Lewis got up, observing with pleasure the ready ease of his responses and the perfection of his sense of balance, and filled a glass of water at the vile sink. Beard hairs, spat-out Colgate, rust and radish droppings, a sink of iniquity. A small sink, but mine own. Why did he live in this dump? Why had he asked Jim and Rich and Alex to come share their sugarlumps with him here? It was lousy enough without being an opium den too. Soon it would be littered with inert bodies, eyes dropping out like marbles and rolling under the bed to join the dust and ruin lurking there. Lewis carried the glass of water over to the window, drank half of it, and began to pour the rest gently around the roots of a seedling olive tree in a mended ten-cent pot. “Have a drink on me,” he said, looking closely at the tree.
 

It was five inches high but looked very like an olive tree, gnarled and durable. A bonsai. Banzai! But where’s satori? Where’s the significance, the enhancement, all the shapes and colors and meanings, the intensification of the perception of reality? How long does it take the damned stuff to work? There sat his olive tree. No less, no more. Unenhanced, insignificant. Men cry Peace, peace, but there is no peace. Not enough olive trees to go around, due to population explosion of human species. Was that a Perception? No, any undrugged meat-head could have perceived it. O come on, poison, poison me. Come, hallucination, come, so that I may fight you, reject you, refuse you, lose the fight and go mad, silently.
 

Like Isobel.
 

That was why he lived in this dump, and that was why he had asked Jim and Rich and Alex here, and that was why he was off on a trip with them, a pleasure-cruise, a holiday in picturesque Old Erewhon.
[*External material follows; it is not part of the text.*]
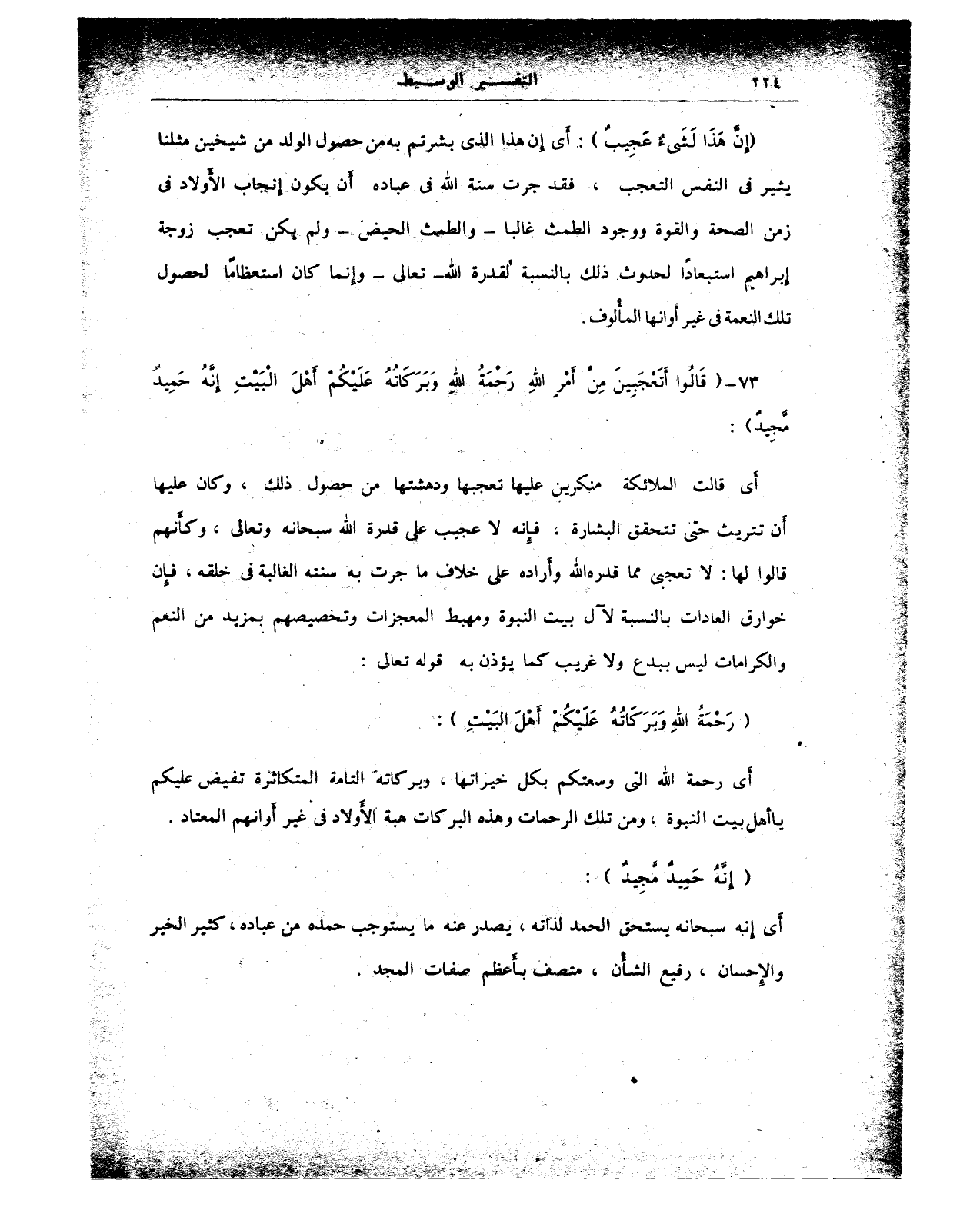73 - {قَالُوا أَتَعْجَبِينَ مِنْ أَمْرِ اللَّهِ رَحْمَتُ اللَّهِ وَبَرَكَاتُهُ عَلَيْكُمْ أَهْلَ الْبَيْتِ إِنَّهُ حَمِيدٌ مَجِيدٌ}:

He was trying to catch up with his wife. What is most difficult about watching your wife go insane is that you can’t go with her. Farther and farther away she walks, not looking back, a long trip down into silence. The lyre falls dumb, and the psychiatrists are liars too. You stand behind the glass wall of your sanity like one at an airport watching a crash. You shout, “Isobel!” She never heard. The plane crashed in silence. She could not hear him call her name. Nor could she speak to him. Now the walls that divided him from her were brick, very solid, and he could do what he liked with his own glass house of sanity. Throw stones. Throw alphas. Tinkle, crash.
 

LSD/alpha did not drive you insane, of course. It did not even unravel your chromosomes. It simply opened the door to the higher reality. So did schizophrenia, he gathered, but the trouble there was that you couldn’t speak, you couldn’t communicate, you couldn’t say what.
 

Jim had lowered his Ramparts. He was sitting in a noticeable fashion, inhaling. He was going to get with reality the right way, like a lama, man. He was a true believer and his life now centered upon the LSD/a experience as a religious mystic’s upon his mystical discipline. Could you keep it up once a week for years, though? At thirty? At forty-two? At sixty-three? There is a terrible monotony and adversity to life; you’d need a monastery. Matins, nones, vespers, silence, walls around, big solid brick walls. To keep the lower reality out.
 

Come on, hallucinogen, get with it. Hallucinogenate, hallucinogenize. Smash the glass wall. Take me on a trip where my wife went. Missing person, age 22, ht 5'3", wt 105 lbs, hair brown, race human, sex female. She never was a fast walker. I could catch up with her with one foot tied behind me. Take me where she walked to.... No.
 

I’ll walk there by myself, said Lewis Sidney David. He finished pouring the water in little dribbles around the roots of the olive tree, and looked up, out the window.
There through smeary glass was Mount Hood, forty miles away, two miles high, a volcanic cone possessing the serene symmetry peculiar to volcanic cones, dormant but not officially extinct, full of sleepy fires and surrounded by its own atmosphere and climate different from that of lower altitudes: snow and a clear light.